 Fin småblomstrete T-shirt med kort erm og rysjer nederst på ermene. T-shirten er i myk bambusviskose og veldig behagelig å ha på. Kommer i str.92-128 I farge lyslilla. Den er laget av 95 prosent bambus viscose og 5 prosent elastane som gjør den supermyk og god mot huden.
--
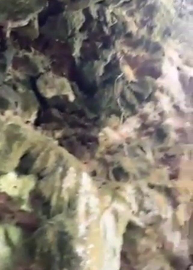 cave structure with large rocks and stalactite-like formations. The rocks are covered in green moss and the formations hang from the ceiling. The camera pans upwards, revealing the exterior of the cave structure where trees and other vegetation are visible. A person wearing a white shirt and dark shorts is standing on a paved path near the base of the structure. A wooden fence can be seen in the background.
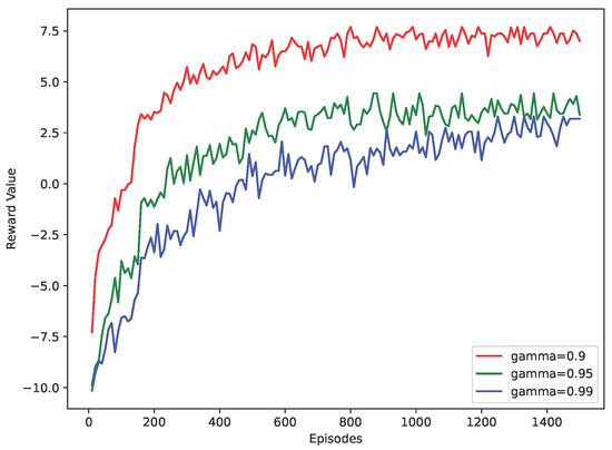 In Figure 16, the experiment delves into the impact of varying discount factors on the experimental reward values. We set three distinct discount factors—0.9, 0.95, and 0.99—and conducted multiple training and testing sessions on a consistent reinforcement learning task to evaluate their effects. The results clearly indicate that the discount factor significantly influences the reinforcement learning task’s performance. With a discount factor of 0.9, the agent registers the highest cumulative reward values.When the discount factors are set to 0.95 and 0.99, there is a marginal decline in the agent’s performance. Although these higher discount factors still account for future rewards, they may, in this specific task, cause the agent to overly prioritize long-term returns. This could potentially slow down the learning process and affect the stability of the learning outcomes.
==
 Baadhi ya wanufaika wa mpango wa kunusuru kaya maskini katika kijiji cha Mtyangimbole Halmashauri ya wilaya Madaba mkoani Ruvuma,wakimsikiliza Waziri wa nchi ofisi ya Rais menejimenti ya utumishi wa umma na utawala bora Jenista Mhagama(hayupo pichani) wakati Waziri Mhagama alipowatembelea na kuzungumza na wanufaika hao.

_THE TASK_:
The answer is those lines of the material above that run from the one containing "cave structure with" up to and including the one containing "In Figure 16, the", restated exactly and without images.

_WRITTEN RESPONSE_:
 cave structure with large rocks and stalactite-like formations. The rocks are covered in green moss and the formations hang from the ceiling. The camera pans upwards, revealing the exterior of the cave structure where trees and other vegetation are visible. A person wearing a white shirt and dark shorts is standing on a paved path near the base of the structure. A wooden fence can be seen in the background.
 In Figure 16, the experiment delves into the impact of varying discount factors on the experimental reward values. We set three distinct discount factors—0.9, 0.95, and 0.99—and conducted multiple training and testing sessions on a consistent reinforcement learning task to evaluate their effects. The results clearly indicate that the discount factor significantly influences the reinforcement learning task’s performance. With a discount factor of 0.9, the agent registers the highest cumulative reward values.When the discount factors are set to 0.95 and 0.99, there is a marginal decline in the agent’s performance. Although these higher discount factors still account for future rewards, they may, in this specific task, cause the agent to overly prioritize long-term returns. This could potentially slow down the learning process and affect the stability of the learning outcomes.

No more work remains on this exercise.